Exercise requirements:
Look through the entries below for the line with "南通市启东市21032、21033地块项目设计总承包招标公告" and the line with "ONEMLI Bu urunun", then give again exactly those two lines and all lines between them, minus the pictures.

Entries shown:
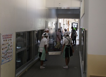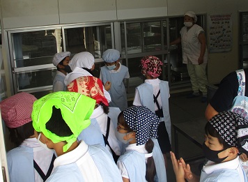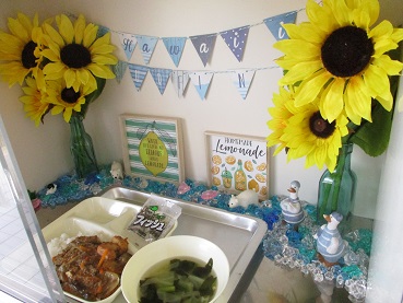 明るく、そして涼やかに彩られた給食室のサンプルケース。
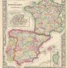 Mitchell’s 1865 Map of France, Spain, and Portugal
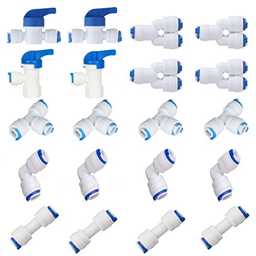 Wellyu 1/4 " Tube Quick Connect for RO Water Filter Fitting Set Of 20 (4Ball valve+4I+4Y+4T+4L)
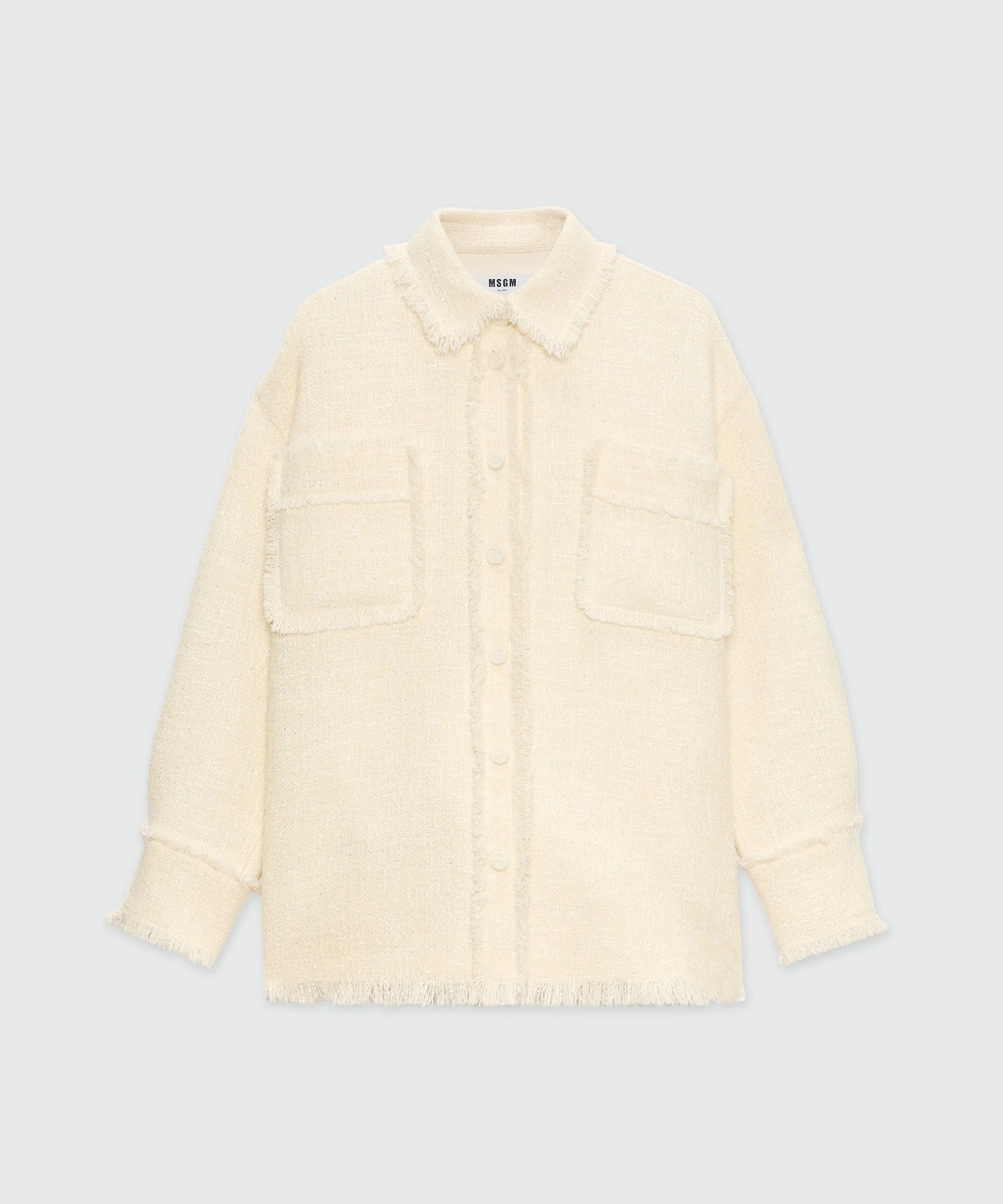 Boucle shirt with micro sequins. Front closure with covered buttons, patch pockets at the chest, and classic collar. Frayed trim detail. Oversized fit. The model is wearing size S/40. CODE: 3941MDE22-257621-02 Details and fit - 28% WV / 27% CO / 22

---

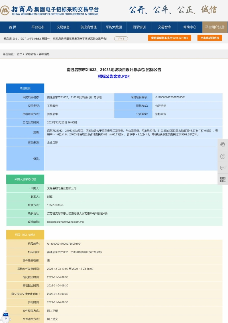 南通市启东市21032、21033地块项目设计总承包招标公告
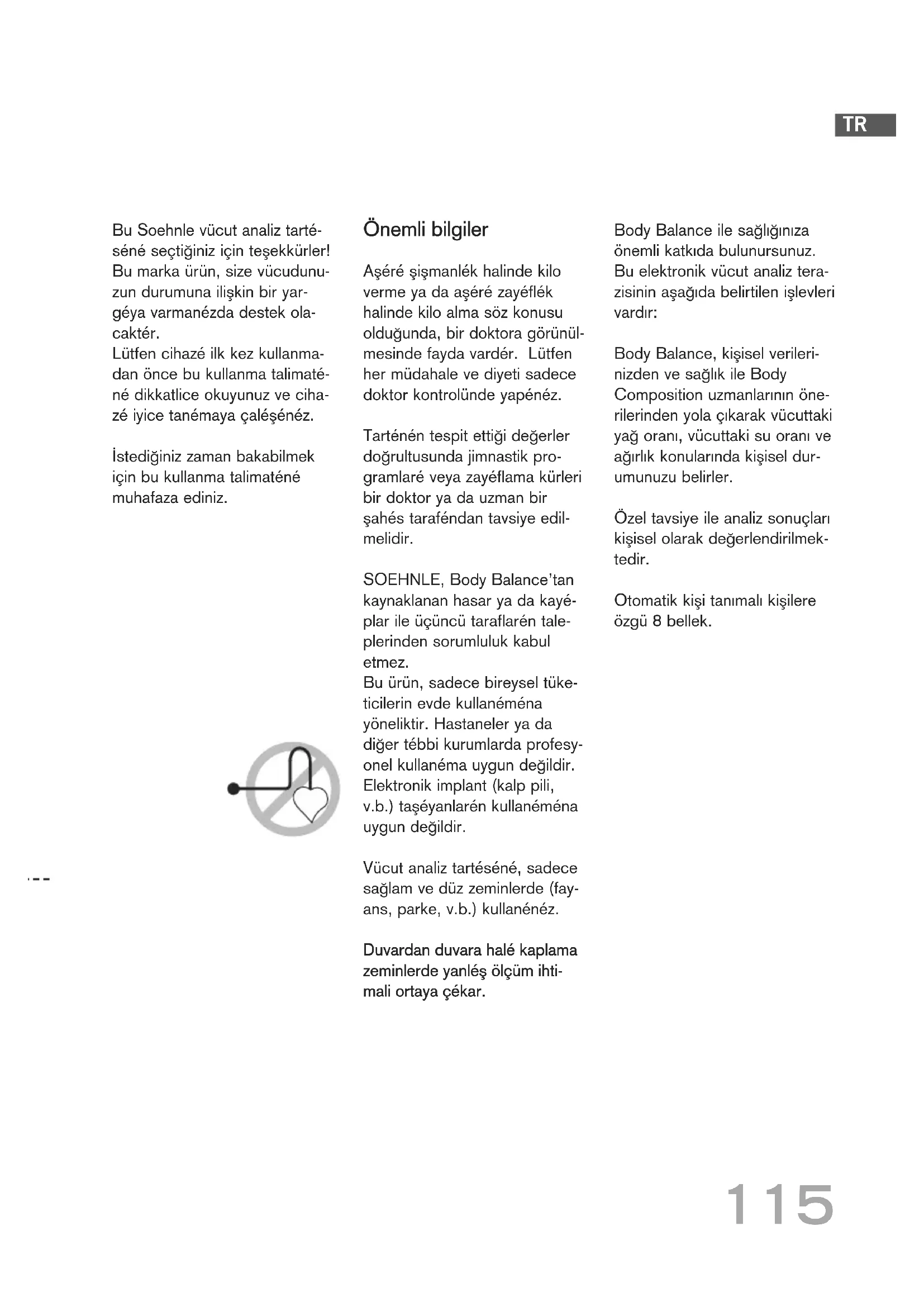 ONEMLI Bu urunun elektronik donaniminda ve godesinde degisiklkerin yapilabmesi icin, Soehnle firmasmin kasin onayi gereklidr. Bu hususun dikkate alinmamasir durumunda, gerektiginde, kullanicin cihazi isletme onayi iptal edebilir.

Response to the exercise:
 南通市启东市21032、21033地块项目设计总承包招标公告
 ONEMLI Bu urunun elektronik donaniminda ve godesinde degisiklkerin yapilabmesi icin, Soehnle firmasmin kasin onayi gereklidr. Bu hususun dikkate alinmamasir durumunda, gerektiginde, kullanicin cihazi isletme onayi iptal edebilir.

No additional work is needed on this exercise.